== Directions for this task ==
Look below for the line with "This custom Christmas"; begin the copy there and stop after the line with "ドア・建具> ガラス戸 >", keeping the text exact and the pictures out.

(Excerpted records)

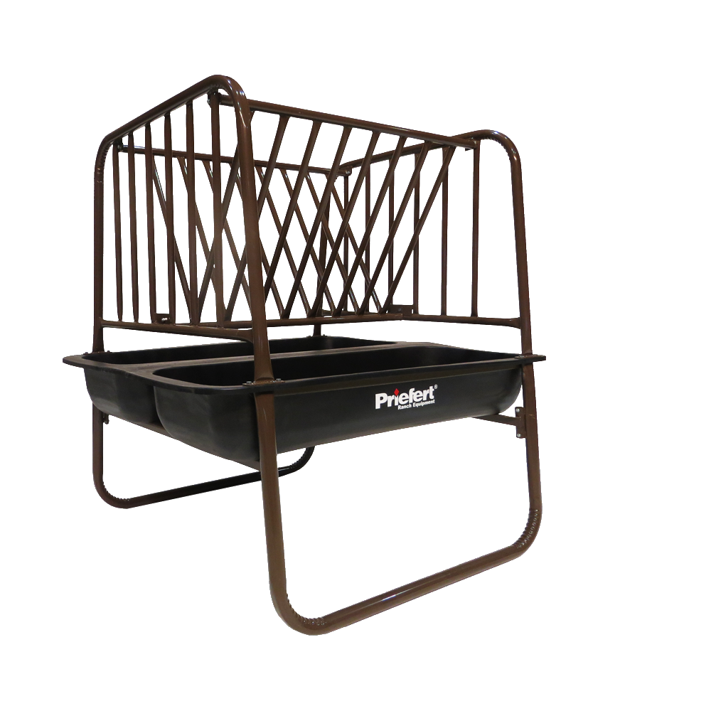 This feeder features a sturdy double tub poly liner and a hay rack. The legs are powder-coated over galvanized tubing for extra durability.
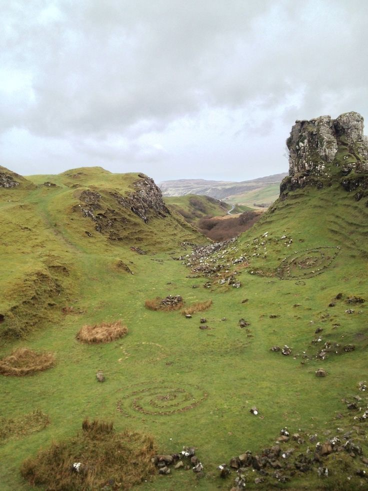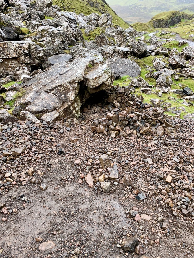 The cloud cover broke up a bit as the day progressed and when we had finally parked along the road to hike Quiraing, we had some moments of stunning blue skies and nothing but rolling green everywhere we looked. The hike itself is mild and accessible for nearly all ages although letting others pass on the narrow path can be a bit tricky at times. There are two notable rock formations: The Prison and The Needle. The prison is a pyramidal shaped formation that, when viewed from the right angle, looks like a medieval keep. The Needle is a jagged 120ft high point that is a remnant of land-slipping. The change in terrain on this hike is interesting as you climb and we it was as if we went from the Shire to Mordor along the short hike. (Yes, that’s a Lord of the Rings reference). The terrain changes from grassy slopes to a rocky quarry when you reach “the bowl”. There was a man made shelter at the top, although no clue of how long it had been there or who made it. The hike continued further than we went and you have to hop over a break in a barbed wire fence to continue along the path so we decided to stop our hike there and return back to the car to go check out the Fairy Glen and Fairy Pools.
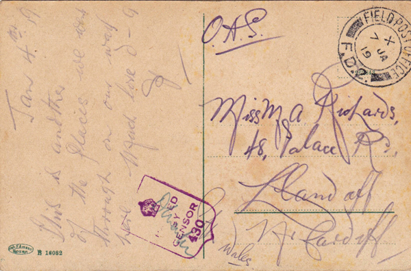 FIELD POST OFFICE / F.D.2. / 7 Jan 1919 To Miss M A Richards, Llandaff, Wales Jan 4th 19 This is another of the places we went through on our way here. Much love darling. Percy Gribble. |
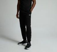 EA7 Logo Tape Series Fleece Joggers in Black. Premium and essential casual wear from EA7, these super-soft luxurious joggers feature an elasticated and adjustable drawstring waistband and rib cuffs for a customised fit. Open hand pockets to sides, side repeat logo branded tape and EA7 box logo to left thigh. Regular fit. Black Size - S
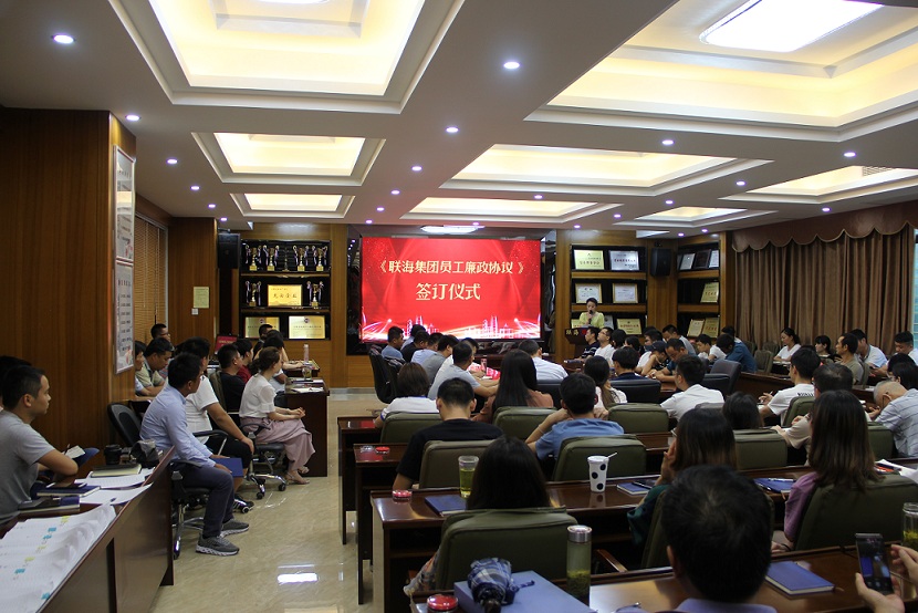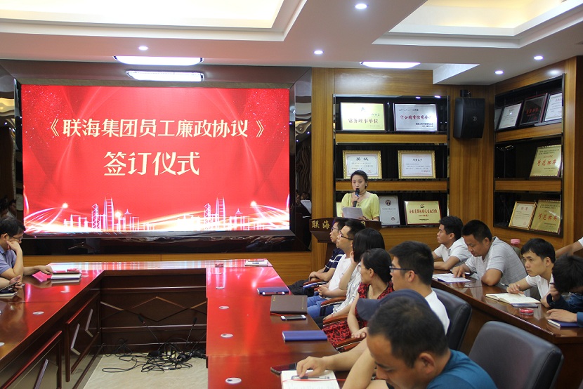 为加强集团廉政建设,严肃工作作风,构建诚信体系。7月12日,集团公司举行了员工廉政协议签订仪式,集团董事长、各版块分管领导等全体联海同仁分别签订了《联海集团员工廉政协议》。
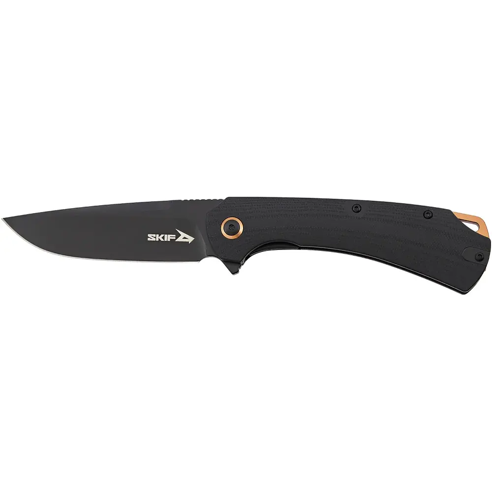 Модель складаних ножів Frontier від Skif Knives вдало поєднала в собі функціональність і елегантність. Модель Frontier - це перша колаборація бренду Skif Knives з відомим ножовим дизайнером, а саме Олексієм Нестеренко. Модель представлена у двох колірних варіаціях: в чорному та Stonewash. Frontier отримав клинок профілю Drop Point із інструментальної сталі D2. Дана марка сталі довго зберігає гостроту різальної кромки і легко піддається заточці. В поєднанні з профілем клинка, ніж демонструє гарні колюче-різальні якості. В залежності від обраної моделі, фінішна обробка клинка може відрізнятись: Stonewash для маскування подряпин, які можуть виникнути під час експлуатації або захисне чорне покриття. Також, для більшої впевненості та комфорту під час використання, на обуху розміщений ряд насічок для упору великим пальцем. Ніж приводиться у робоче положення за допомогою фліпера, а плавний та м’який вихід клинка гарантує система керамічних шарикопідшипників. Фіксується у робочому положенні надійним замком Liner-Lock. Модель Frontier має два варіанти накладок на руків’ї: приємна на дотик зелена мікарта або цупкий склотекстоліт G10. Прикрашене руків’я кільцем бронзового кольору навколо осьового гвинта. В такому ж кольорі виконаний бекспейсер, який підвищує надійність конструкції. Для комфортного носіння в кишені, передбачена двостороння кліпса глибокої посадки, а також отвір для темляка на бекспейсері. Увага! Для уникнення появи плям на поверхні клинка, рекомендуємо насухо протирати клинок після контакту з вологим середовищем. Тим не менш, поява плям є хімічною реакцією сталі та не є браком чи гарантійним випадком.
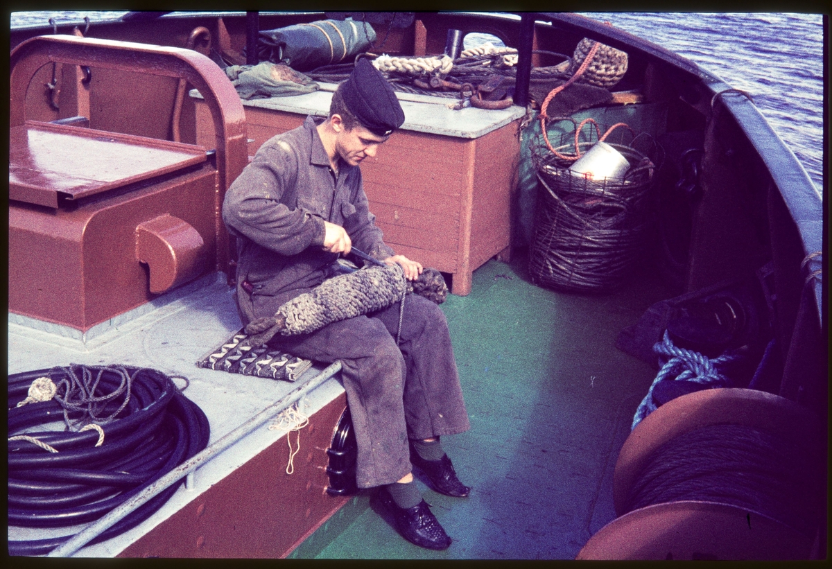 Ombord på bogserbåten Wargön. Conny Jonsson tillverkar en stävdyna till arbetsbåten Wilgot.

(End Excerpted records)
(Excerpted records)

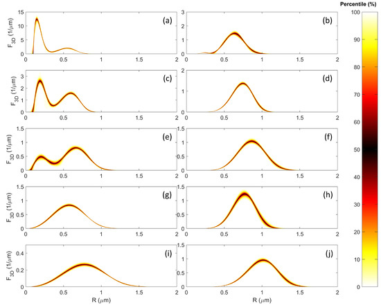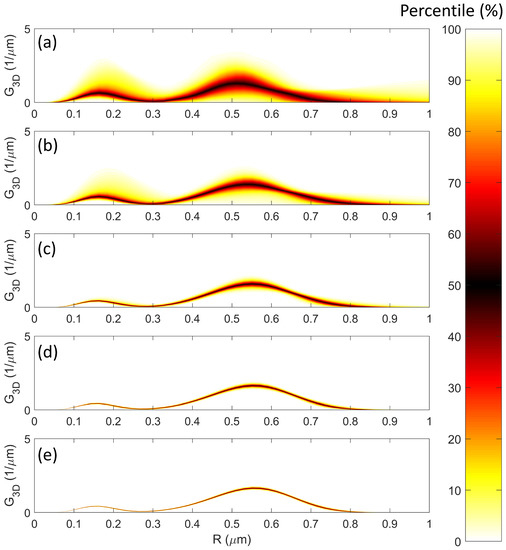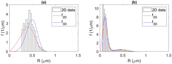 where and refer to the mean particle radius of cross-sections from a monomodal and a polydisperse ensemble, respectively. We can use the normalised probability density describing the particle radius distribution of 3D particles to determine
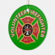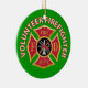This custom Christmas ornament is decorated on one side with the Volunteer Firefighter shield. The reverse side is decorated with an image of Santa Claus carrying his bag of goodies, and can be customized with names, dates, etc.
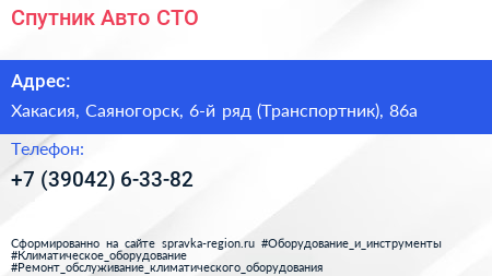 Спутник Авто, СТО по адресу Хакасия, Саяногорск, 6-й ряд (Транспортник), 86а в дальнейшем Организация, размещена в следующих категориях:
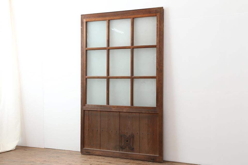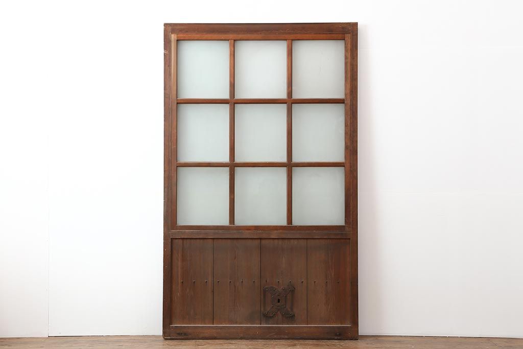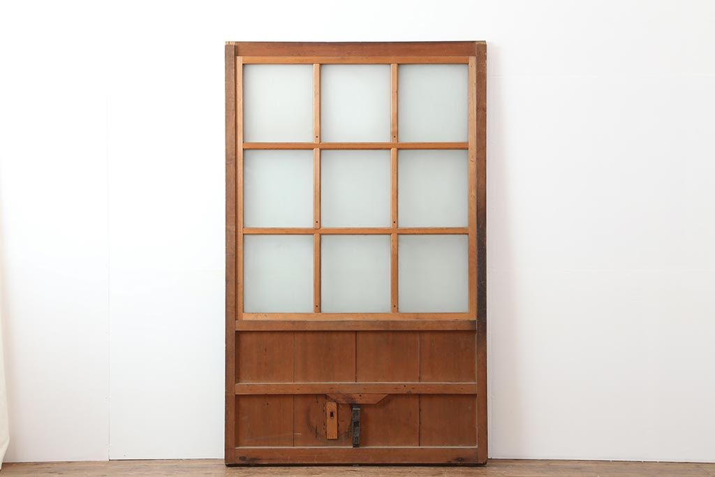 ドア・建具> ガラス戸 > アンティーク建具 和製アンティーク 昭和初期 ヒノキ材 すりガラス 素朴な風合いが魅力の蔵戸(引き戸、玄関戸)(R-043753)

(End Excerpted records)

== Answer to the exercise ==
This custom Christmas ornament is decorated on one side with the Volunteer Firefighter shield. The reverse side is decorated with an image of Santa Claus carrying his bag of goodies, and can be customized with names, dates, etc.
 Спутник Авто, СТО по адресу Хакасия, Саяногорск, 6-й ряд (Транспортник), 86а в дальнейшем Организация, размещена в следующих категориях:
 ドア・建具> ガラス戸 > アンティーク建具 和製アンティーク 昭和初期 ヒノキ材 すりガラス 素朴な風合いが魅力の蔵戸(引き戸、玄関戸)(R-043753)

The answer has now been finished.